Often, he reveals himself as an archconservative who dislikes mass man and the whole modern era with its shoddy workmanship--one can almost see him in an English county seat decrying the servant problem and denouncing Labour amid outraged pipe smoke. He accurately describes himself as neo-Victorian in regard to sex; he speaks ill of homosexuality and masturbation, and proclaims that "without guilt, sex was meaningless." In fact, one sometimes wonders whether Mailer is not really an undercover agent of the old order, trying to undermine the Left from within.
Bellicose Charm. The Armies of the Night occasionally suffers from the languor that inevitably descends upon any one-character work. And it is not with out Mailer's usual excesses. He enjoys his own jokes too inordinately; he protests his right to protest too much, with some of the purplest prose apotheosizing America written since the rhetorical mauve of Thomas Wolfe ("Brood on that country who expresses our will. She is America, once a beauty of magnificence unparalleled . . . tender mysterious bitch"). For the most part, his genuine wit and bellicose charm, and his fervent and intense sense of legitimately caring, render The Armies of the Night an artful document, worthy to be judged as literature.

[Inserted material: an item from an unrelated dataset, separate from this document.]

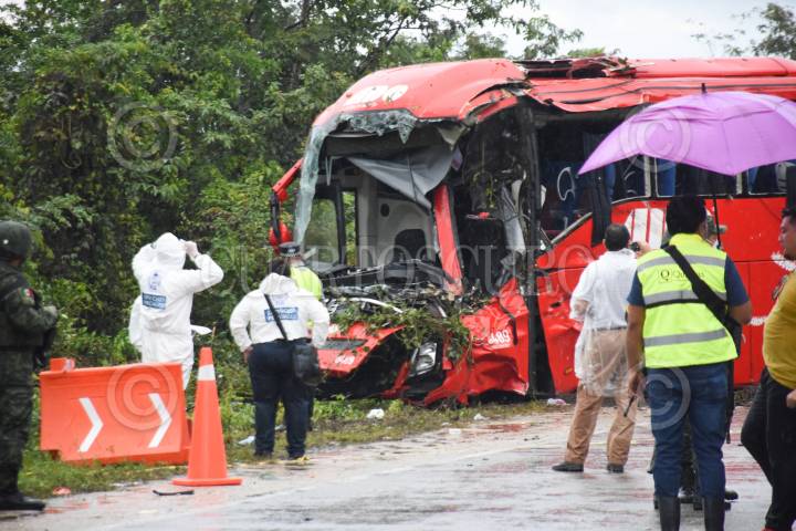 Al menos ocho personas murieron y 19 resultaron heridas a causa de la volcadura de un camión de pasajeros de la ADO, en la carretera de cuota Mérida-Cancún, en el cruce de la vía El Tintal-Playa del Carmen.

However, as journalism--which is history's fief in time--the book is another matter. Mailer is pretentious about Marxism. When he suggests that it would not really matter if all Asia went Communist, because expansion only creates problems for Communism, he is, at best, playful or naive. He brilliantly employs the suggestive, evocative devices of the new journalists--or old novelists. But he suggests too much, and evokes too wildly. He looks into the faces of the U.S. marshals and reads in them the notion that Viet Nam is where the "American small town" gets its "kicks." And he fails to note as a sound journalist would, that there were U.S. marshals just like these who escorted James Meredith through crowds of rednecks at the University of Mississippi. He also has visions of future concentration camps in America (with Muzak)--a fantasy worthy of a propagandist or novelist, but hardly a reporter.
In the past dozen years, Mailer has developed cop-out infatuation with amateur journalism. During that time he wrote only two interesting but indifferent novels, An American Dream and Why Are We in Viet Nam? Ernest Hemingway, Mailer's onetime hero, also engaged in journalism but noted that "it blunts the instrument you write with." It may be time for Mailer to heed that warning.